### Work item
Your copy should start at the line with "Set of ball" and end at the line with "Set of 7 3d" in the data below. Transcribe only those lines, exactly, pictures excluded.

### Records
□ □ □ □

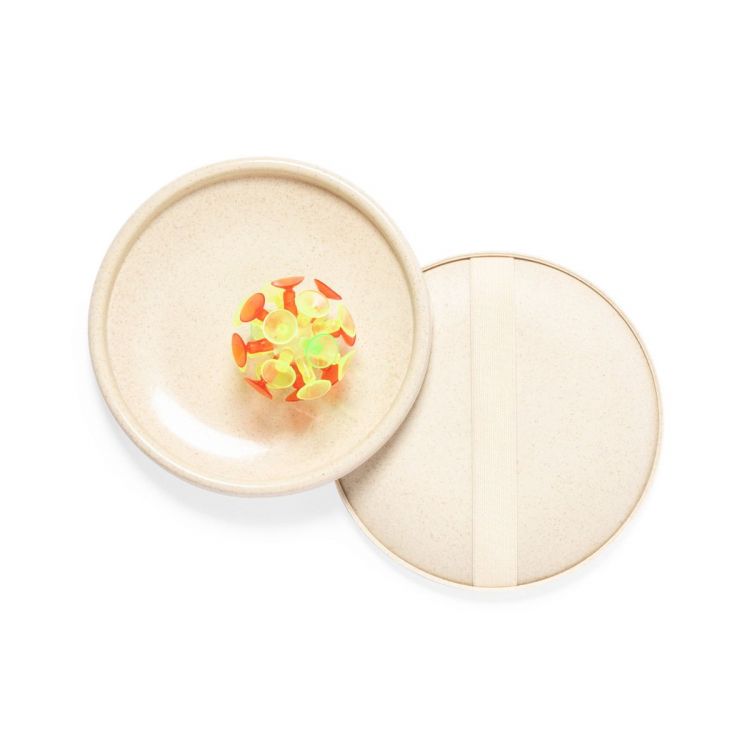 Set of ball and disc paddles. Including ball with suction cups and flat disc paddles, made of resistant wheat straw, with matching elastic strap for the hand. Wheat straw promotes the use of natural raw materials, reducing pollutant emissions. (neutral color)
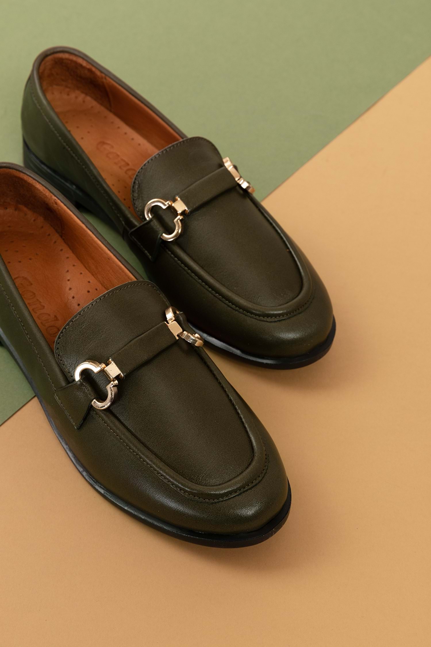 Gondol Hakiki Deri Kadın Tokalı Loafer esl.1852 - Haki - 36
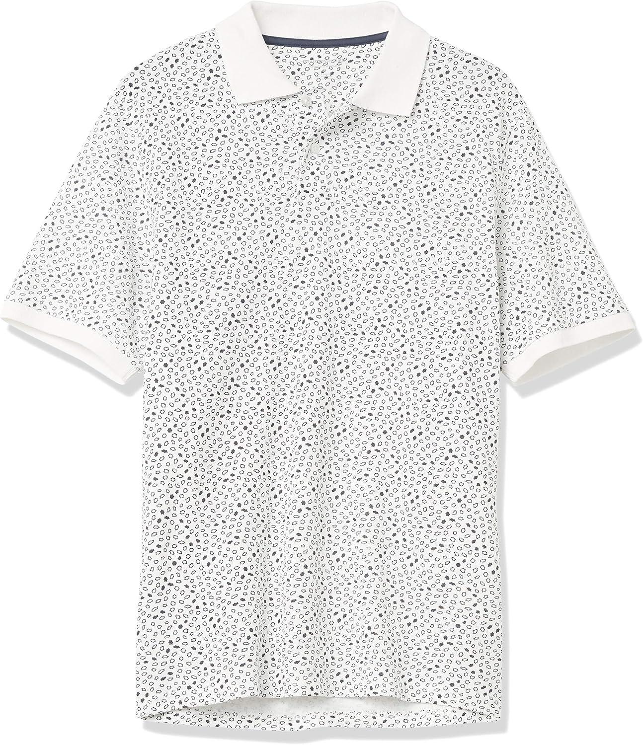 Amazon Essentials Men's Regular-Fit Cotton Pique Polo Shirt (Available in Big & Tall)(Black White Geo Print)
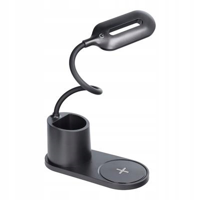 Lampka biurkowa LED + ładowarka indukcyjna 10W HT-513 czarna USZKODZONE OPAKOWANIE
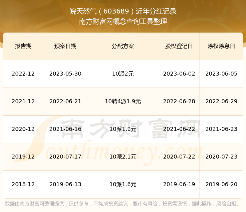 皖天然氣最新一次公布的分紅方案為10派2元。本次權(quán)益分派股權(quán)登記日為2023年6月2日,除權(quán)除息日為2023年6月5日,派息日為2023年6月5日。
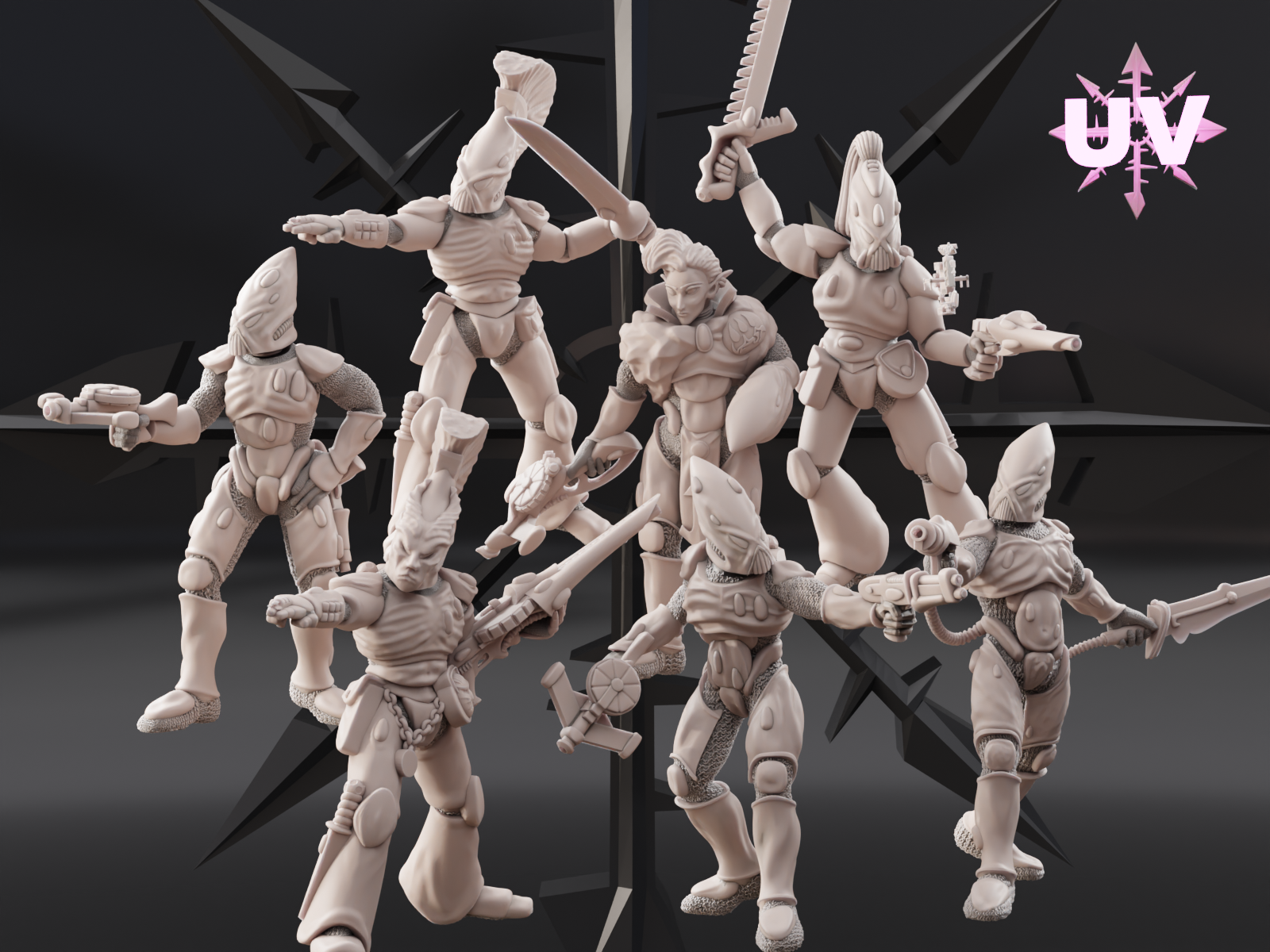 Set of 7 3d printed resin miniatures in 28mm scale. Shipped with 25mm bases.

□ □ □ □

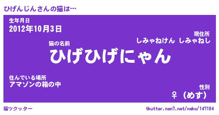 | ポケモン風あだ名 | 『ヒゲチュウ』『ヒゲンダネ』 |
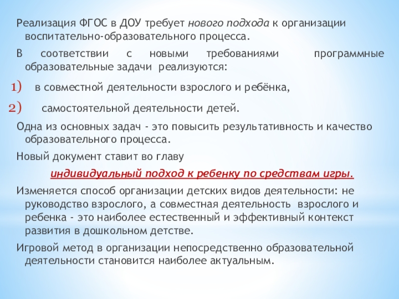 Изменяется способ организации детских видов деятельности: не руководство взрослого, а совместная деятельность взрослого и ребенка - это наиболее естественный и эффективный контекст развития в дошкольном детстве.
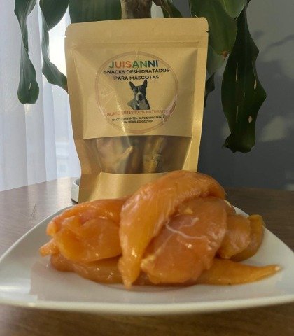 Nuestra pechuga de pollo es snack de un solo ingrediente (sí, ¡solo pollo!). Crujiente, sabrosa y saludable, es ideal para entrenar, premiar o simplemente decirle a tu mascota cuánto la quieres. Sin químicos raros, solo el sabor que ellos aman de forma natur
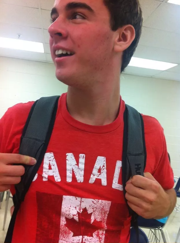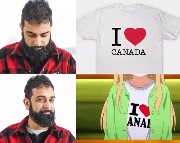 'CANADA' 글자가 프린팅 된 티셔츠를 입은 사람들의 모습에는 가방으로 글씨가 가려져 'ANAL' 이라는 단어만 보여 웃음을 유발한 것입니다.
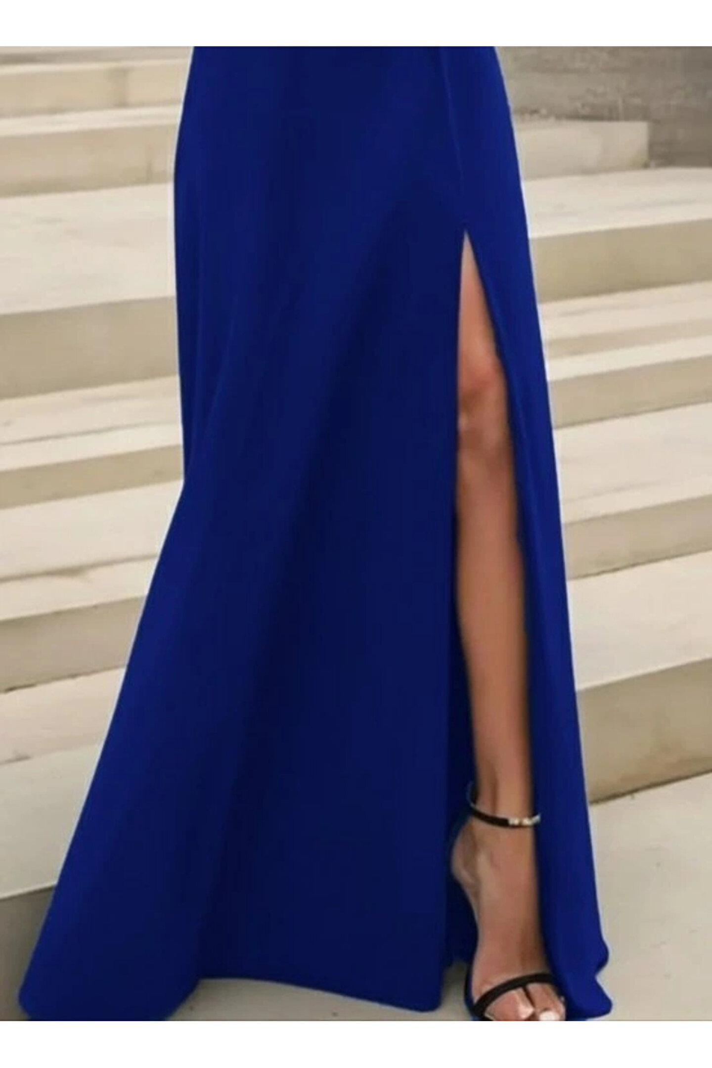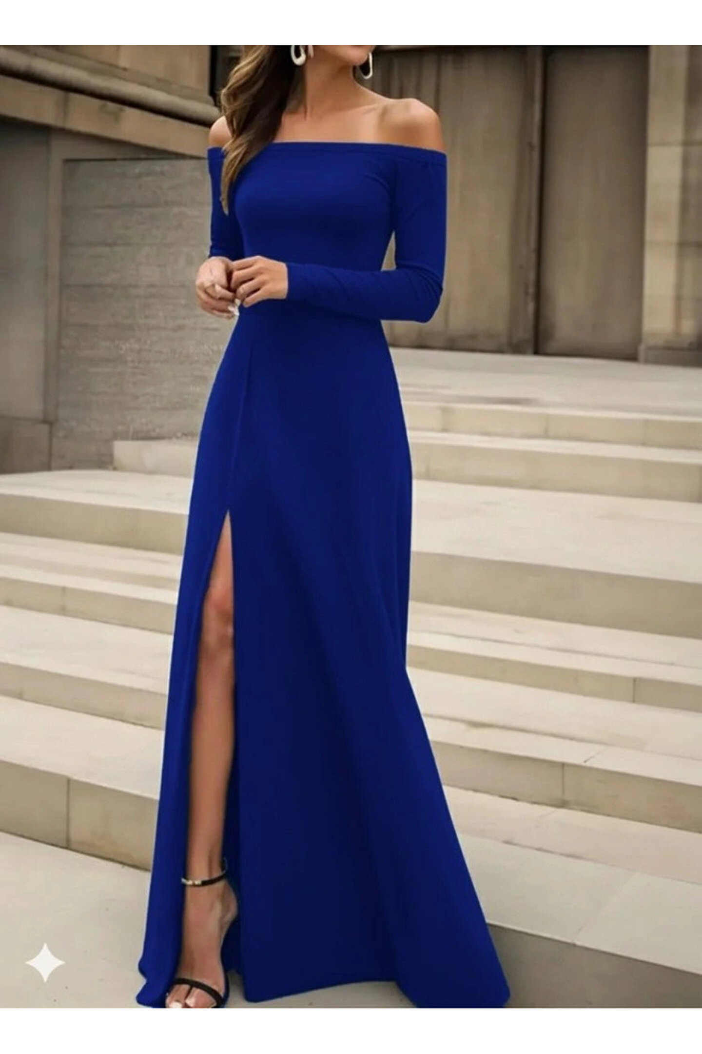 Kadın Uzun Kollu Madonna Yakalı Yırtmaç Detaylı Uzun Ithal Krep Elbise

□ □ □ □

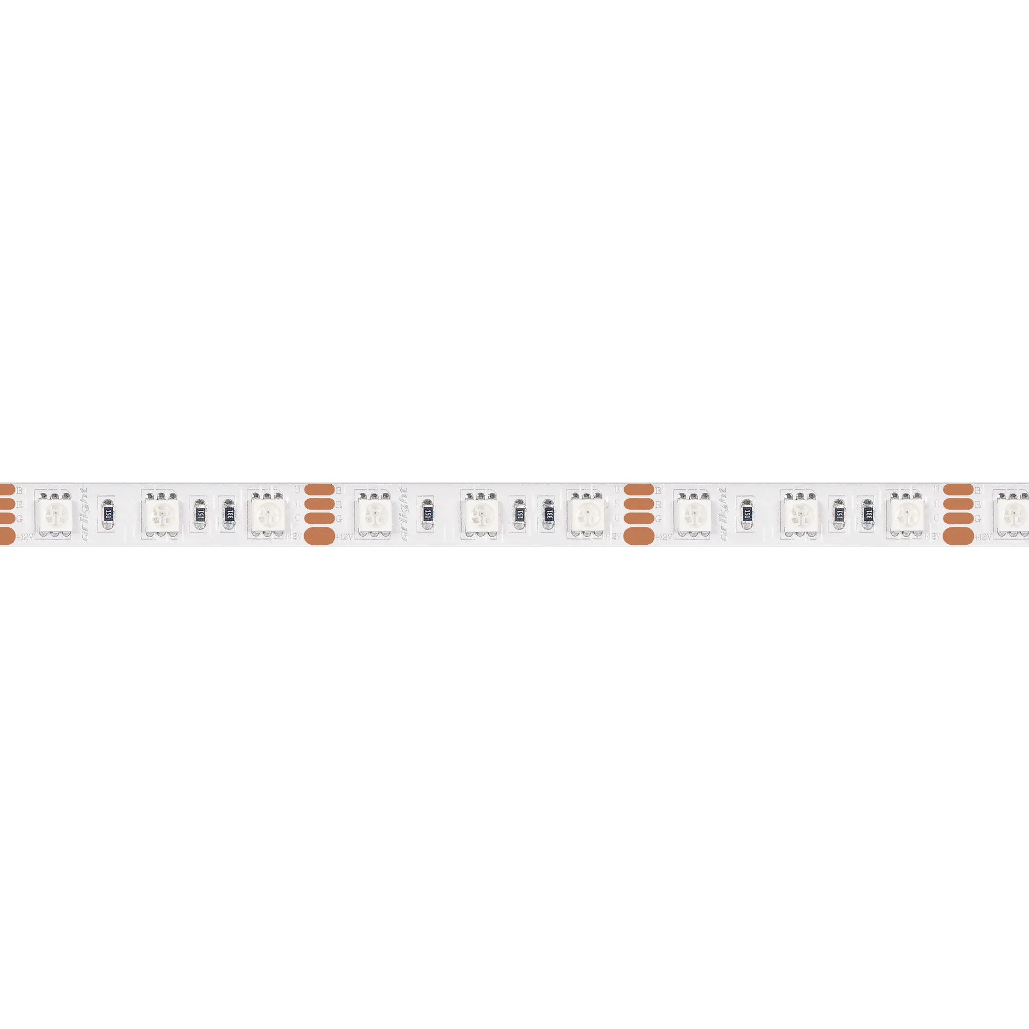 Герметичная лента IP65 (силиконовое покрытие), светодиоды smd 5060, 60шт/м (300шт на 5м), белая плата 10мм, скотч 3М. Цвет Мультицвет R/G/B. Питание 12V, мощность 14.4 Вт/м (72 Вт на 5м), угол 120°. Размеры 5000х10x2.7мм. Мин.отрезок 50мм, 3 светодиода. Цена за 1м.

□ □ □ □

### Result
 Set of ball and disc paddles. Including ball with suction cups and flat disc paddles, made of resistant wheat straw, with matching elastic strap for the hand. Wheat straw promotes the use of natural raw materials, reducing pollutant emissions. (neutral color)
 Gondol Hakiki Deri Kadın Tokalı Loafer esl.1852 - Haki - 36
 Amazon Essentials Men's Regular-Fit Cotton Pique Polo Shirt (Available in Big & Tall)(Black White Geo Print)
 Lampka biurkowa LED + ładowarka indukcyjna 10W HT-513 czarna USZKODZONE OPAKOWANIE
 皖天然氣最新一次公布的分紅方案為10派2元。本次權(quán)益分派股權(quán)登記日為2023年6月2日,除權(quán)除息日為2023年6月5日,派息日為2023年6月5日。
 Set of 7 3d printed resin miniatures in 28mm scale. Shipped with 25mm bases.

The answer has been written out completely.